From these ponies, the children learnt basic horsemanship: saddling, unsaddling, washing, drying and feeding. Although none of my children would dream of tidying their own bedrooms, they happily got up at dawn to help muck out the stables, harness the ponies and head off for walks in the Bocage, looking like a tableau from a medieval illuminated manuscript.
"Little Boy was totally crazy when he came here," Willie told me. "Now, he is getting more confidence. It is because the children want nothing of Little Boy, only love."
During our stay, the brocante (bric-a-brac market) arrived at the nearby town of Bourbon-l'Archambault - former seat of the Duc d'Orléans, a cadet branch of the Bourbons. On offer was the usual weird mix of attic clearances, but like all brocantes, this was primarily a social fixture.
I spotted an old friend, an English farmer who has lived here for years. Very tall, bearded and earringed, Peter had a vaguely piratical appearance that stood out among the locals. I told him I wouldn't mind buying a house around here. "Oh, yeah," he laughed, "along with hundreds of other Brits. This is start-all-over-again country. English people, up to their necks in debt, come here thinking the living is cheaper, which, up to a point, it is. A flat in Portsmouth would buy you a nice spread here. But they soon find there's no work. They can't get to grips with the language, and they fall behind with the paperwork. They end up returning to Britain worse off than they arrived."

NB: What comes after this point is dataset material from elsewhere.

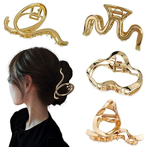 ヘアクリップ 金属スタイル ヘアアクセサリ 大きめ フランスクリップ おしゃれ 髪留め ヘアクロー ポニーテールホルダー ヘアアクセサリー 髪飾り 韓国風 シンプル 贈り物 多用途 通勤 オフィス レディース用 幾何学 ヘアクリップ 後頭部用 (4種類のサイズ)
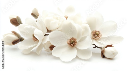 Delicate white magnolia blossoms and buds arranged on a bright, clean background. A soft, elegant floral display

Back at Le Frelut, we found Pepo undergoing a dressage master class with Willie. As Pepo trotted around the perimeter of the manège, his white spats highlighting his elegant light-footed, high-stepping gait, he flashed teeth at us at every passing. "Ooola. Ooola. Ooola," soothed Willie, which was probably horse for, "Ignore that idiot with the notepad, and keep trotting".
At a former base in Holland, Willie treated 2,000 horses each year, from all over the world. Now, he prefers to concentrate on just 10 a year. Money is, of course, at the root of much horse evil. Owners often go into denial, fearing that any injury will hit the value of a horse. So they mask aches and pains with drugs that compound the suffering, and triggers a downward spiral finishing at the knacker's yard. Willie's mission at Le Frelut is to help owners, vets, farriers, acupuncturists, dentists and trainers to change their approach. "You can put a horse in a golden box, but if you do not understand him, it is a prison," he said. He eventually wants to enshrine his knowledge in a European "horse centre" to educate people in ethical horse care. Asked how he diagnoses and treats horses, he gave me a baffling earful of Jabberwocky speak.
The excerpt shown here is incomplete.